4. Jumlah rapat dewan komisaris yang berpengaruh positif terhadap

Environmental Disclosure?

5. Jumlah rapat komite audit yang berpengaruh positif terhadap

Environmental Disclosure?

6. Ukuran komite audit yang berpengaruh positif terhadap Environmental

Disclosure?
13

E. Manfaat Penelitian

1. Praktisi

a. Penelitian ini diharapkan dapat memberikan pemahaman lebih tentang

pentingnya environmental disclosure dalam laporan tahunan.

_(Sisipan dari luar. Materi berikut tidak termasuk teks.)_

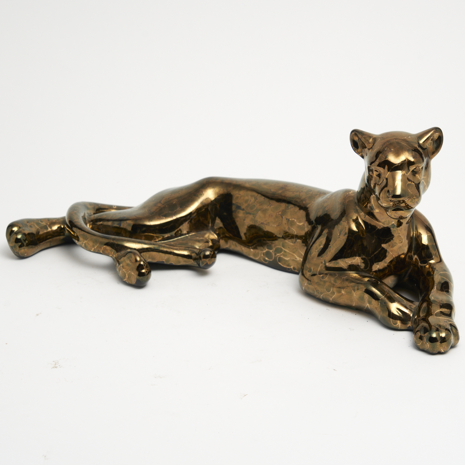 AN AUSTRALIAN RECLINING CHEETAH WITH A METALLIC CRYSTALINE GLAZE BY MAGILL CERAMICS, LABEL TO BASE L.51CM
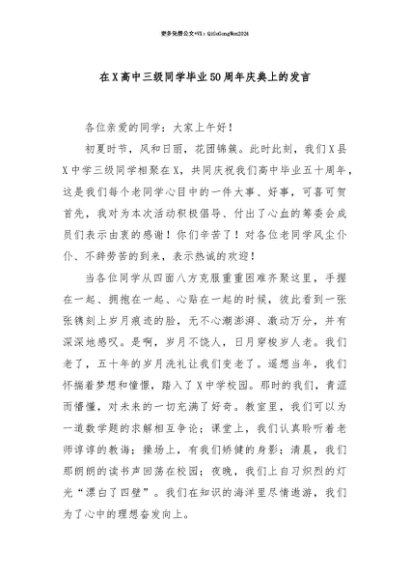 【七哥公文】2025年:【七哥公文】在X高中三级同学毕业50周年庆典上的发言+更多免费公文+VX:QiGeGongWen2024+更多免费公文+VX:QiGeGongWen2024
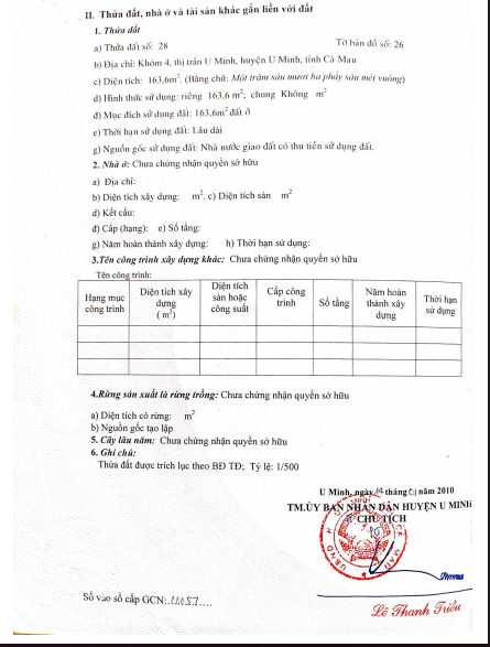 - Tài sản tọa lạc tại thửa đất số 28 - Tờ bản đồ số 26, Khóm 04, TT U Minh, Huyện U Minh, Cà Mau (nay là xã Nguyễn Phích, tỉnh Cà Mau). Tài sản có mặt tiền lộ bê tông R#3m cập Kinh 12, cách chợ U Minh #90m, cách đường Đỗ Thửa Luông #200m, cách Trường Tiểu Học Nguyễn Văn Huyên #350m.
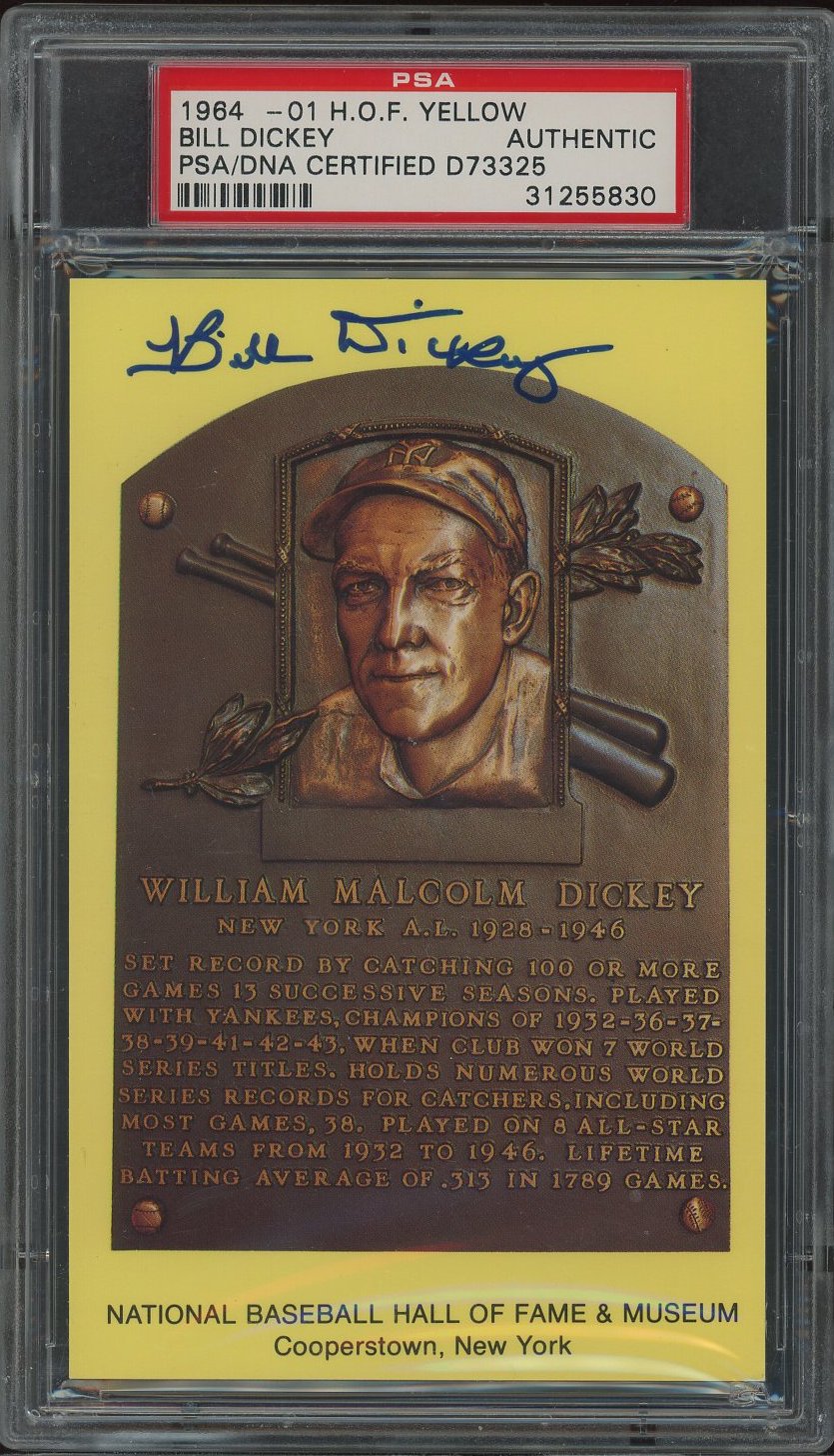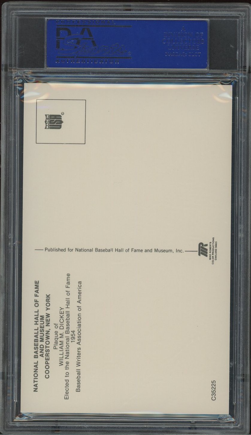 Bill Dickey Signed Gold Hall of Fame Plaque Postcard (PSA Encapsulated)
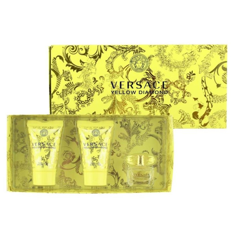 A luminous summertime fragrance, Versace Yellow Diamond Perfume is an airy and ethereal scent that blends elements of radiant citrus, aqueous florals, and powdery wood. Part of a line inspired by the vibrancy of crystals, this fragrance is light enough to wear during the day, though you can also certainly save it for special occasions. The aromas opening notes are a sweet and uplifting effusion of Amalfi lemon, bergamot, and cooling pear sorbet, softened by citrusy neroli. Heart notes shimmer and sparkle with lush and light floral accords, a romantic garden of African orange flower, freesia, and waterlily mingled with hazy-sweet mimosa. Amber, velvety guaiac wood, and soft musk in the base notes leave an elegant, enticing trail. Yellow Diamond Perfume by Versace is purely feminine, captivating the glamorous charm of women everywhere. Its the perfect gift for yourself or for a special woman in your life. If youre thinking about purchasing a gift for someone, one of our Versace Yellow Diamond Perfume gift sets would make a beautiful present for any holiday, birthday, or anniversary. One gift set features a mini eau de parfum bottle, a mini body lotion bottle, and a mini shower gel bottle so that you can smell like luxury at all times.
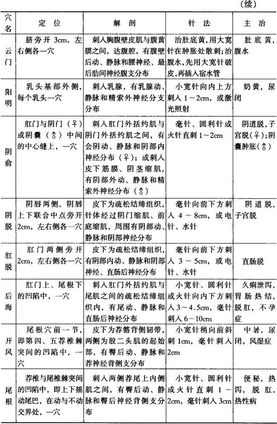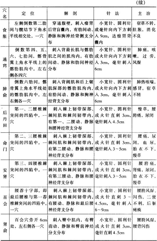 字词 躯干部穴位
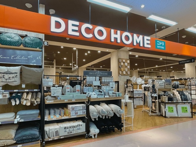 ホームページはこちら 営業時間:10:00~21:00 電話 0120-014-210 ニトリから生まれた インテリア雑貨のお店。 デコホームは普段使いの日用品からお部屋のアクセントになるようなアイテムまでを 女性目線でセレクトし、品質やデザインはもちろん、お手頃な価格を実現する インテリア雑貨のお店です。 毎日の料理が楽しくなる キッチン用品や食器類、 気分転換におすすめの フレグランスやクッション、寝具や季節を彩る商品など、様々なアイテムを揃えています。 |
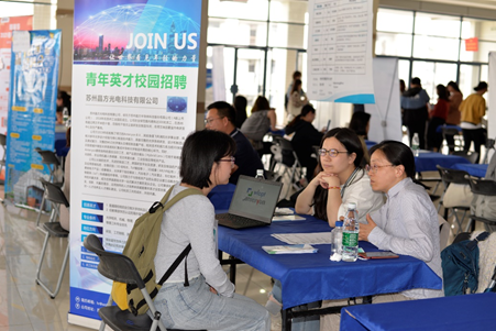 学院高度重视本次招聘会,前期做好了充分的准备。学院党委副书记张建平在招聘现场和各招聘单位进行了交流,毕业班辅导员王森、陈骏多方联系相关企业单位,通过QQ、微信等多个网络平台为本次招聘会进行宣传,帮助毕业生搭建良好的就业平台。本次招聘会上,太阳城娱乐在线真人视讯平台 邀请到中国船舶重工集团南京鹏力科技集团有限公司、京东方科技集团股份有限公司等50多家企业单位,其中很多单位的招聘需求都是材料相关专业毕业生。各招聘单位通过展版、面对面交流等方式向同学们介绍了公司概况、太阳城娱乐、职业发展方向、人才需求以及选择该单位的理由等。值得注意的是,本次招聘会上,应聘毕业生在投递个人简介上相比于以往更为谨慎,在关心薪资前景的同时也更为详细地咨询合同签订的相关事宜,少了些盲目,多了些理性。

b. Penelitian ini diharapkan dapat menggambarkan dan menginformasi

tentang praktek pengungkapan lingkungan pada perusahaan

manufaktur di Indonesia.

2. Teoritis

a. Penelitian ini diharapkan dapat menyajikan bukti empiris mengenai

faktor-faktor yang berpengaruh terhadap environmental disclosure.

b. Penelitian ini diharapkan menjadi bahan referensi untuk penelitian-

penelitian selanjutnya dengan hasil penelitian mengenai faktor-faktor

yang berpengaruh terhadap environmental disclosure.